It’s all about CPI this week as we count down to the Wednesday report.
Goldman Sachs is out with its estimate and it’s for +0.27% on core and +3.7% y/y. For headline, they see +0.29% and +3.37% y/y.
That everyone is suddenly talking about the second decimal place again, highlights just how high the stakes are.
“Our forecast reflects a 0.3% pullback in apparel prices, a 3% drop in airfares, and small declines in new (-0.3%) and used (-0.5%) car prices. We expect rent to rise 0.37% and OER to rise 0.45% in light of continued single-family outperformance. We expect larger increase in car insurance (+1.4%) and hotel lodging (+1.0%),” Goldman Sachs writes today.

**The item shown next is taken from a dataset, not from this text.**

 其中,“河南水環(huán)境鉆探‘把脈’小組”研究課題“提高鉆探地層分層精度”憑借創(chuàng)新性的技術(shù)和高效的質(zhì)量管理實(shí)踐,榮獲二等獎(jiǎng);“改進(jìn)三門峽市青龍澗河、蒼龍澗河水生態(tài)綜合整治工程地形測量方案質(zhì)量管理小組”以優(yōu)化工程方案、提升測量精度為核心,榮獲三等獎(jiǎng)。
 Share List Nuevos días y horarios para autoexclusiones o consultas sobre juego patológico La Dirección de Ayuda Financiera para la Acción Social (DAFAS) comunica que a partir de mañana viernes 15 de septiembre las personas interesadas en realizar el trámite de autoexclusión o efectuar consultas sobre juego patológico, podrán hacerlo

The rent and OER numbers have been particularly puzzling for economists and the Fed, something that Chicago Fed President Austin Goolsbee spoke about last week.
Goldman Sachs believes that employment is running hotter than population growth and boosted its Q1 GDP forecast slightly.

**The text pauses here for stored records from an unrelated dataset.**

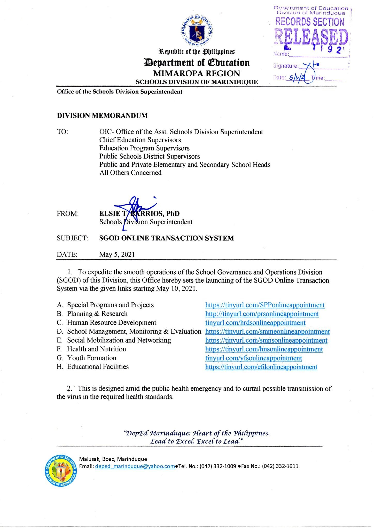 May 04, 2021 CLARIFICATIONS AND ADDITIONAL INFORMATION TO DIVISION MEMORANDUM NO. 19, S. 2021 RE: DIVISION VIRTUAL ORIENTATION ON PROCUREMENT AND DELIVERY PROCESSES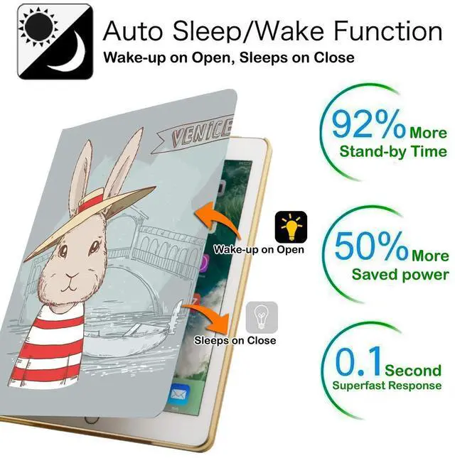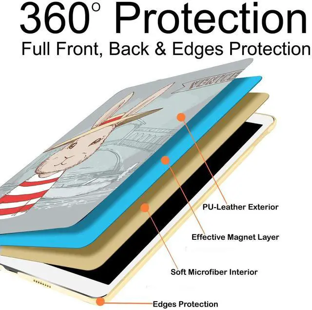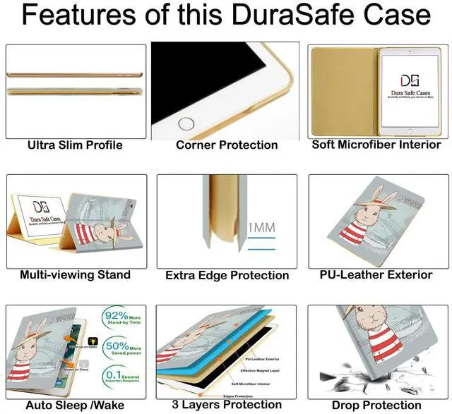 DuraSafe Cases for iPad PRO 11 Inch 1 Generation [Pro 11 1st 2018 ] A1980 A1934 A2013 MTXN2LL/A MTXP2LL/A MTXR2LL/A MTXQ2LL/A MTXT2LL/A Printed Smart PU Leather Flip Folio Book Cover - Bunny Hat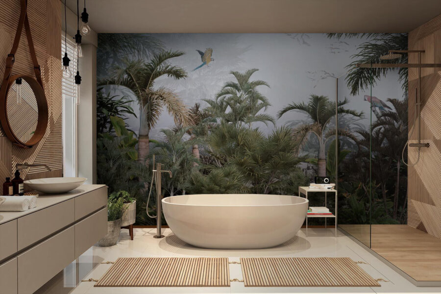 Transforma tu espacio en un refugio sereno con este encantador mural de un pájaro volando sobre un frondoso bosque tropical. Imagina despertarte con la relajante vista de verdes vibrantes y pájaros coloridos, que susurran aventuras lejanas. Es como traer un pedazo de paraíso directamente a tu sala de estar. Tus amigos podrían incluso pensar que te has mudado a un acogedor refugio en la selva. ¡Perfecto para aquellos que anhelan un poco de naturaleza sin los molestos insectos! Ya sea en un tranquilo rincón de lectura o en una animada sala de juegos, este mural crea un ambiente alegre y relajante. Siente la calidez de los trópicos todos los días, sin necesidad de protector solar.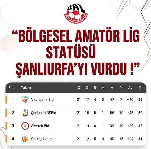 Bölgesel Amatör Lig’de (BAL) uygulanan mevcut statü, Kahramanmaraş ve Şanlıurfa takımlarını zor durumda bırakırken, futbol kamuoyunda şaşkınlık yaratan düşme ve yükselme kuralları ekiplerin kaderini belirliyor.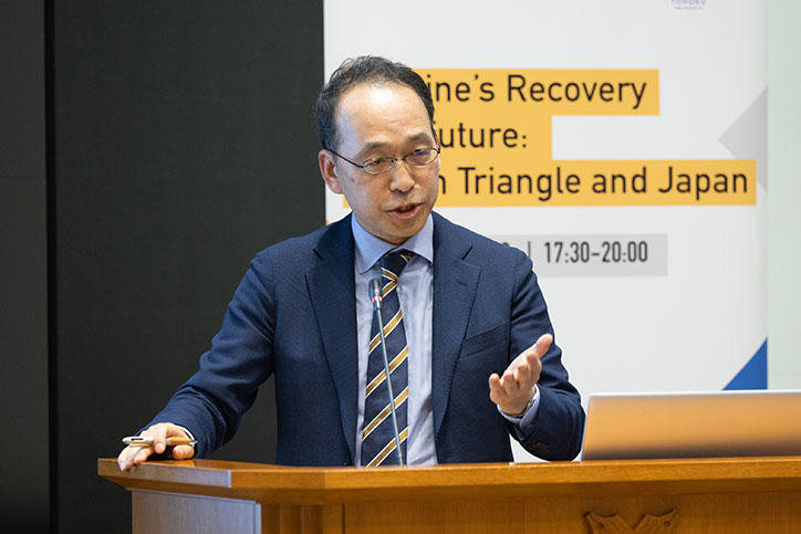 Vice-President Motohiro Tsuchiya served as the moderator for this workshop. Following an opening address by President Itoh, H.E. Dr. Sergiy Korsunsky, the Ambassador Extraordinary and Plenipotentiary of Ukraine to Japan, took to the stage and delivered his keynote speech where he spoke passionately about the reconstruction and recovery of Ukraine. Ambassador Korsunsky explained the historical background behind the cooperative alliance of the Lublin Triangle. He also brought attention to issues that Ukraine is facing and stressed the need for the international community to work together in supporting Ukraine.
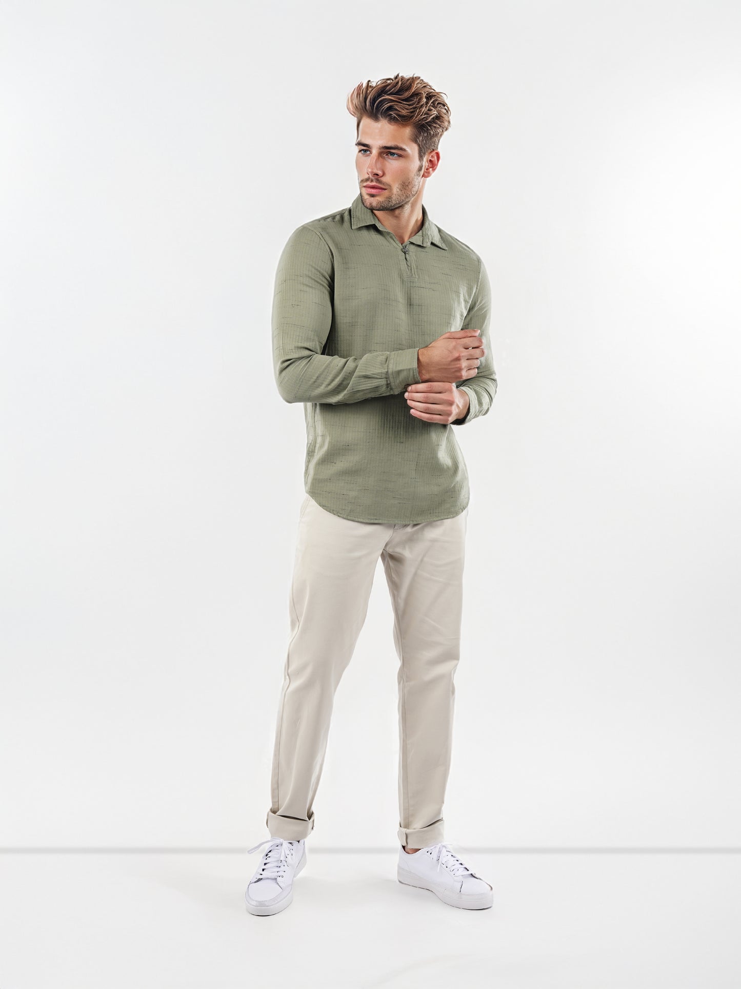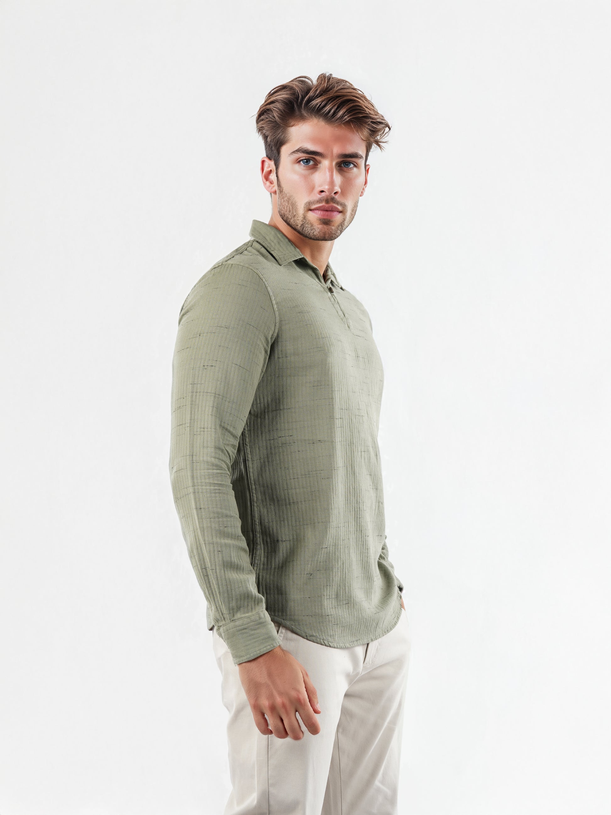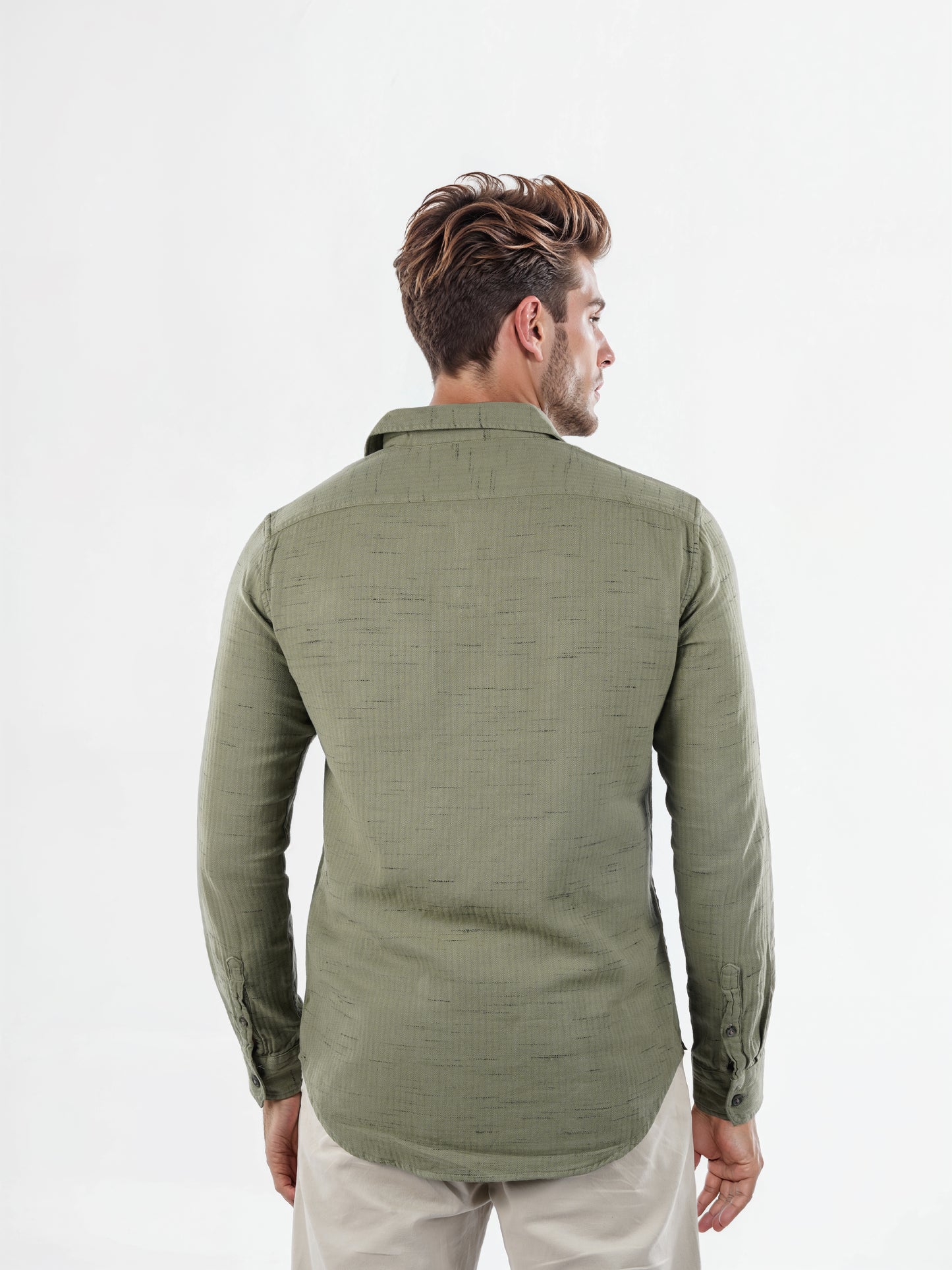 Shop the Celio Men Olive Solid Shirt made from comfortable cotton, perfect for casual occasions. This regular fit shirt features long sleeves for a stylish look. Disclaimer: All other items in the image are only for display purposes and will not be a part of the delivery content. Product colour may slightly vary due to photographic lighting sources. Country of Origin - India.

Based on the rules of thumb in our new guide How to Read the Employment Report, we estimate that the underlying trend pace of job growth is 212k-well above our 125k/month breakeven estimate-and the underlying trend pace of average hourly earnings growth is +3.9% annualized.
We raised our Q1 GDP tracking to 2.5%.
The US dollar is under some pressure at the moment as Treasury yields give back some gains.